Obrigado, Chico: Outras tolerâncias da visita papal

Na semana do 13 de Maio e da caramelização dos mais recentes santos portugueses, Francisco e Jacinta Marto e Cristiana Pacheco (respetivamente: dois dos videntes de Fátima e a futura padroeira do iogurte grego vendido a preço reduzido por se aproximar o fim do prazo de validade), a laica república portuguesa concederá aos cidadãos funcionários públicos a tolerância de ponto que lhes permitirá participarem nas celebrações ou, simplesmente, embebedarem-se na noite anterior e dormirem até às três da tarde. Mas as benesses da visita de Francisco não se ficam por aí. A lista que se segue foi devidamente aprovada pelos serviços de reprografia da diocese de Leiria-Fátima e abençoada com o toque de uma colher de inox usada numa ocasião pela Irmã Lúcia para tomar um xarope contra alucinações.

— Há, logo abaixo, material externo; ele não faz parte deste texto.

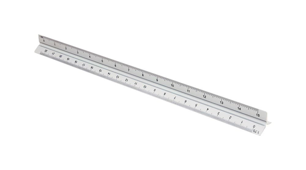 Aluminium scalimeter liniaal in driehoekige vorm. Met liniaal van 30 cm en schaal 1: 20/1: 25/1: 50/1: 75/1: 10.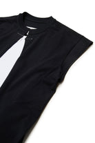 Vestido midi de manga corta y cuello redondo confeccionado en jersey de algodón. Confección en forma de A que simula el ensamblaje de dos prendas previamente desestructuradas. Detalles de corte en crudo. Costura icónica en la espalda. Una prenda que encarna el ADN de MM6.

No dia 12 de maio, os portugueses estão autorizados por decreto governamental a:

-Presenciar aparições de Nossa Senhora, Jesus Cristo, Mefistófeles, Buda, Maomé, Xiva, do panda Tao-Tao ou de qualquer outra entidade mística da sua preferência, sem receio de internamento psiquiátrico, estigma social, cobertura jornalística da CMTV ou outras represálias de menor gravidade.

-Ocupar faixas de rodagem para dançar o tango como homenagem à Argentina natal do pontífice.

-Escrever segündo régras de hortographya peróprrias.

-Tratar o Presidente da República por Celinho.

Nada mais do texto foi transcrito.